Jo follows the stranger and learns he lives with a reclusive widow in the mountains above the village. The stranger is her son-in-law, Benjamin. He is Jewish, and his mother-in-law is not. Benjamin is hiding there, waiting for his daughter, Anya, to arrive, because Hitler has demanded that France turn over all Jews to the Germans.
When he and his daughter originally tried to escape France, they had agreed to meet at this farm if they became separated. Benjamin refuses to leave the farm until Anya arrives, because he is certain that she survived the Nazi attack that separated them. Once she arrives, Benjamin plans to continue over the mountain border into the safety of Spain. In the meantime, Benjamin remains at the widow’s farm: hiding, praying and helping a series of other Jewish children escape across the border.
Jo returns to the village to find that German soldiers now occupy it, bringing the villagers and the border under a more watchful eye. Initially, the villagers clearly resent the intrusion. But over time they wrestle with the humanity of these enemy soldiers, beginning to see them as people, some who are truly kind and have suffered losses in the war.
With the border now effectively closed, Benjamin is unable to smuggle out the children who keep steadily arriving at the widow’s farm. As the strain grows on their resources, the widow enlists Jo, and eventually his grandfather, for help. They do so willingly and bravely, knowing it means death if discovered.
Jo’s father returns home after time in a POW camp. He is a broken man — physically and emotionally. Initially he is unable to step back into the role he had in Jo’s life. He has no patience for the occupying soldiers, sees any kindnesses toward (or from) them as collaborating with the enemy and violently lashes out at Jo for doing so.

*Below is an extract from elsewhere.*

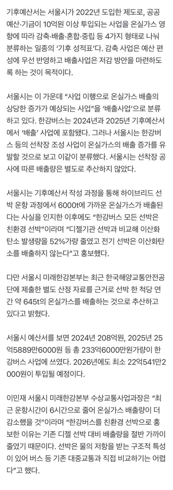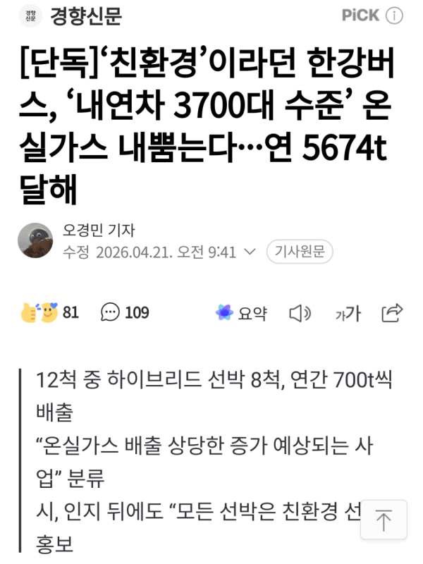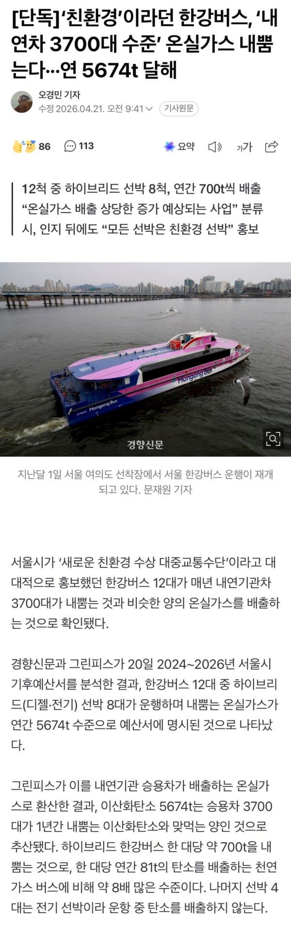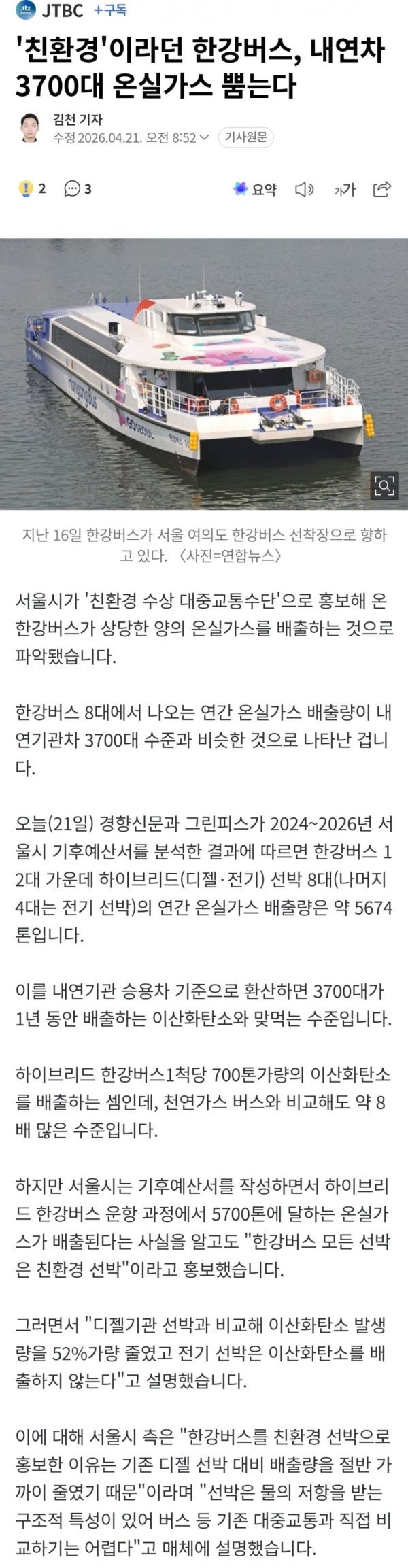 '친환경'이라던 한강버스, 내연차 3700대 온실가스 뿜는다

Jo’s grandfather defends Jo’s actions, but in order to do so, must expose his own and Jo’s involvement with the refugees. This not only brings reconciliation between Jo and his father, but together, Jo’s family develops a daring plan to safely smuggle the children across the border. This particular plan will work only with the cooperation of the entire village — a dangerous experiment in trust.
The villagers agree to the plan, although some more enthusiastically than others. On the day they carry it out, some German soldiers appear suspicious, and there are a few close calls. The next day, while the villagers are celebrating secretly, they discover that Benjamin and one of the youngest Jewish children have been captured. All the other children safely made it across the border. The sight of these two being held captive breaks something in the village’s collective heart. Any tenuous solidarity with the soldiers is cut, and the villagers return to a cold emotional distance, now seeing the soldiers only as the enemy.

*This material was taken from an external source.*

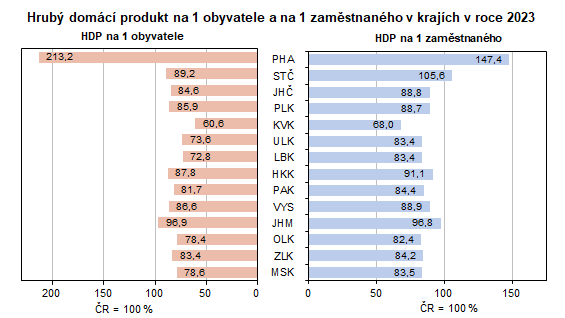 Vysoký údaj za Prahu je dán také velkým počtem zaměstnaných přijíždějících do hlavního města za prací z jiných regionů. Přepočet HDP na 1 zaměstnaného (s místem pracoviště v kraji včetně sebezaměstnaných, tj. zahrnující i dojíždějící z jiných krajů) pak v Olomouckém kraji dosáhl v roce 2023 hodnoty 1 165,6 tis. Kč, což představovalo 82,4 % z průměrné částky za Českou republiku.

Before long the war ends, France is restored to her citizens, and the soldiers leave. But for this town, it is a hollow victory. During their retreat, the soldiers shoot and kill one of the young men of the village. Not done out of malice, and involving an element of misunderstanding, the incident is grieved by both sides. Another significant loss is that the villagers learn that Benjamin and the young girl were sent on to Auschwitz. Neither survived.
After the war, life tries to return to normal for Jo’s village, but Jo is still processing the changes and the loss, and in some ways may be withdrawing in a similar, although less violent, way, as his father did. In the last scene, Benjamin’s missing daughter, Anya, appears, arriving safely at last to her grandmother’s home.